以下のことが原因として考えられます。
1) 電極液が漏れた
電極液が漏れる原因の多くは、イオン交換メンブレンがひび割れたり、乾燥したり、擦り切れたりしていることが考えられます。イオン交換メンブレンがきちんとメンテナンスしていれば、4-5回の泳動に使用することができます。
2) 吸引が均一でない
吸引圧の低い(22inchHg以下)のポンプを使用していたり、吸引の際にハーベストトレイを押して陰圧にしていなかったりすると、吸引が均一にできない可能性があります。
3) 泳動時間が短時間すぎる
標準のアプリケーション(pH3-10)の場合、マイクロロトフォアセルは3時間程度で泳動が終了します。フォーカシングを完全に行うために、電圧が安定してから30 分間泳動を続けてください。
4) サンプルの塩濃度が高すぎる
高い塩濃度はフォーカシングチャンバー内の電圧の上昇を妨げ、pH グラジェントが直線性を持つフラクションの範囲を狭めます。タンパク質の安定性、可溶性、活性を維持するために、特に高いイオン濃度が必要であれば、バイオライトを塩の代わりに使用することもできます。
5) バッファー濃度が高すぎる
タンパク質のサンプル中のバッファーが過剰であると、pH グラジェントが乱れる可能性があります。サンプルバッファーのpKa によって緩衝されて、フォーカシングチャンバー内のpH グラジェントが平坦化する原因となります。
6) サンプルの温度が高い
タンパク質の拡散率は、溶液の温度に比例します。

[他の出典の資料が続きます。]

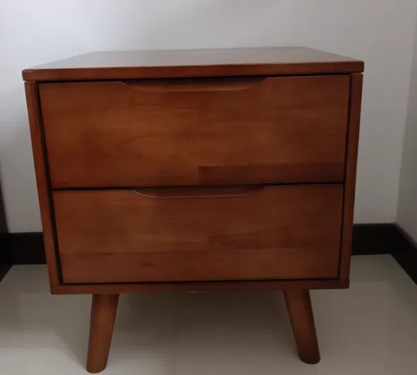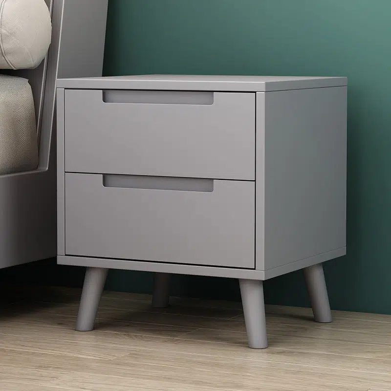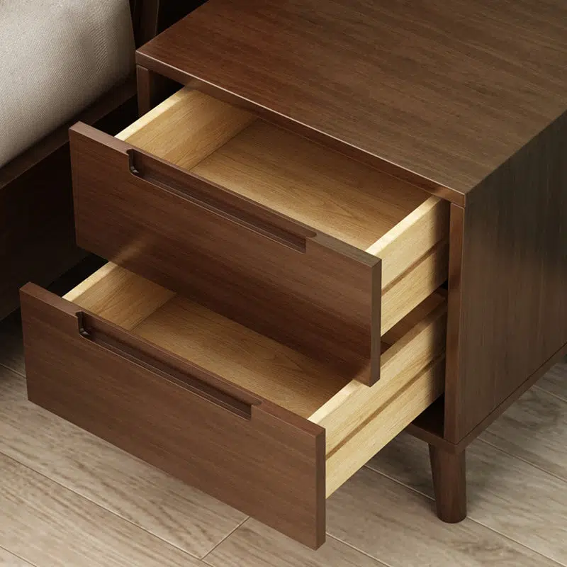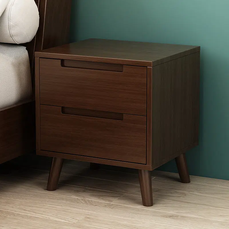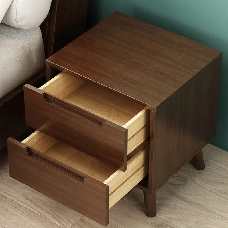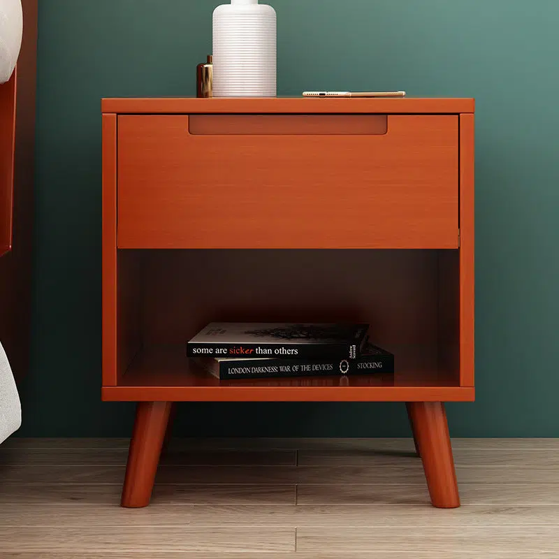 Contemporary Nordic Rectangular Solid Wood Nightstand 1/2 Drawer For Bedroom
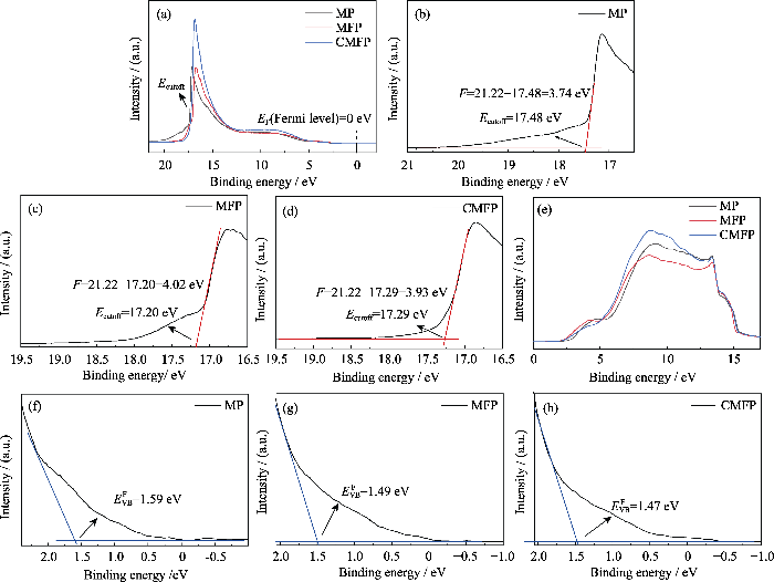 图4(e)是三种钙钛矿薄膜能带排列情况, CMFP的ECB和Φ相比MFP均向上移动, 这种能带结构有利于减少电荷复合, 因此Cs+掺杂可以增大电池的开路电压Voc。
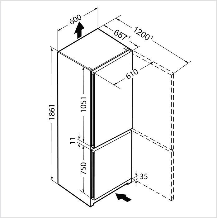 - Abmessungen: H x L x P 1861 x 600 x 657 mm

温度が高い場合、タンパク質とアンフォライトはフォーカスされた後に広がってしまいます。マイクロロトフォアセルの温度はアプリケーションに合わせた推奨条件に設定してください(日本語取扱説明書 Table3.2 参照)。
7) アンフォライトの品質が劣化している
アンフォライトの品質はpH グラジェント形成の完全性と再現性に影響します。アンフォライトのLot やメーカーが様々ありますが、保存は4℃、暗所にすることが重要です。バイオライトの使用期限は購入後1年です。
8) タンパク質量が多すぎる
タンパク質の量が多いとメンブレンが目詰まりしてしまい、タンパク質やアンフォライトがフォーカシングチャンバー内での移動できずに分離が悪くなることがあります。タンパク質量が経験的に決められますが、できるだけ減らした方が分離能は上がります。